A recent study showed that Isabel Pro [24], one of the widely used and most accurate support systems for making diagnosis, correctly diagnosed one out of ten general ophthalmology cases (10%) while ChatGPT correctly diagnosed nine general ophthalmology cases (90%) [25]. We found that ChatGPT was about 72.7% accurate in provisional diagnosis based on 11 cases with primary and secondary glaucoma phenotypes. However, their subset included general ophthalmology cases while our datasets included glaucoma subspecialty cases with different uncommon and atypical glaucoma phenotypes, thus more challenging for ChatGPT to diagnose correctly. ChatGPT was incorrect in the diagnosis of three cases, including glaucomatocyclitic crisis, aqueous misdirection, and inflammatory glaucoma, which are often considered uncommon and atypical glaucoma phenotypes. It seems that ChatGPT can understand clinical knowledge even when provided as text information only, as it provided reasonable and relevant responses even on cases that the final response was deemed not fully matching with the underlying disease. This is evident from the example case that we have provided in Fig. 1. ChatGPT was able to link the history of this patient (central retinal vein occlusion; CRVO) with present information and correctly diagnose the patient as neovascular glaucoma secondary to CRVO.

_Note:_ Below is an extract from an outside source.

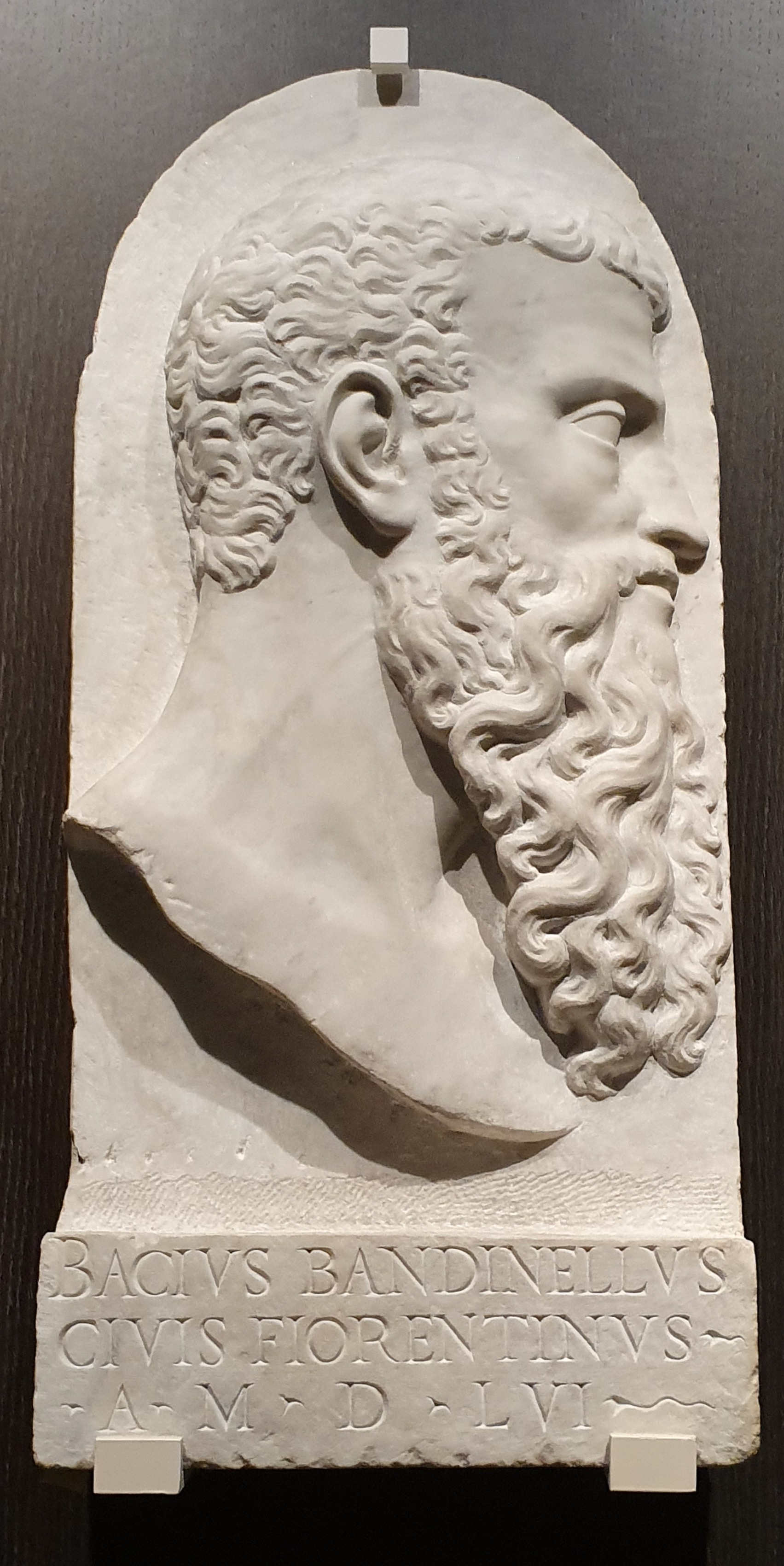 Self-portraits by Baccio Bandinelli at Museo dell'Opera del Duomo (Florence)

We observed that ChatGPT was correct on eight out of eight cases with common glaucoma cases while it was primarily incorrect on uncommon and atypical glaucoma cases. It should be noted that more common glaucoma cases are typically easier to diagnose compared to uncommon, atypical, and more complex cases, as evidenced by that fact that ophthalmology residents were also unable to diagnose most of the uncommon cases correctly. Despite the abilities of ChatGPT in correctly diagnosing most of the glaucoma cases, it has several deficiencies as well. The current work only explored the capabilities of ChatGPT with specific case examples and detailed information that may not mimic the information available in real-world settings. Therefore, the results of this work are specific to using case examples that are clear and organized. ChatGPT is also not currently capable of assessing multimodal data. The inability to interpret diagnostic information such as fundus images or visual fields for glaucoma diagnosis may limit the ability for nuanced assessments and providing specific diagnoses to healthcare workers in various clinical care settings. In the future, and if equipped with such capabilities, ChatGPT may be highly beneficial in primary care facilities and emergency services with limited access to ophthalmologists or subspecialties for triaging patients with various eye diseases (e.g., initial diagnosis of glaucoma).

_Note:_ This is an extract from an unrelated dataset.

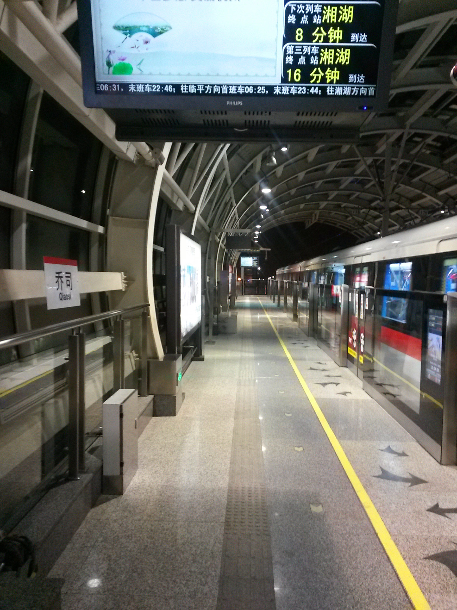 Qiaosi Station

Advancement of LMM models including ChatGPT could benefit both comprehensive ophthalmic practices as well as more subspecialized clinics such as those focused on glaucoma. These models can make diagnoses objective, quick, accessible at any time, and more accurate. Glaucoma diagnosis is highly subjective with poor agreement even among highly skilled glaucoma specialists primarily due to a significant overlap between physiological and pathological characteristics [26]. In fact, there are several recent efforts in making glaucoma assessment more objective to reduce subjectivity and mitigate subsequent disagreement [19, 27]. As glaucoma is continuing to impact significant numbers of people in the US, primarily due to an aging population, and considering the fact that resources, including the number of glaucoma specialists, are limited, it is critical to provide glaucoma care in a more efficient and timely manner. As such, models like ChatGPT have potential in augmenting and streamlining glaucoma diagnosis and management, especially if future developments allow for incorporating multimodal data.
Another major advantage of ChatGPT and similar LMM models is that they can actively learn based on reinforcement learning capabilities, thus correcting previous mistakes, improving performance over time, and leading to more accurate output. Moreover, LMM models require minimal human oversight and supervision for active training, which is advantageous compared to the supervised learning models that require intensive human oversight.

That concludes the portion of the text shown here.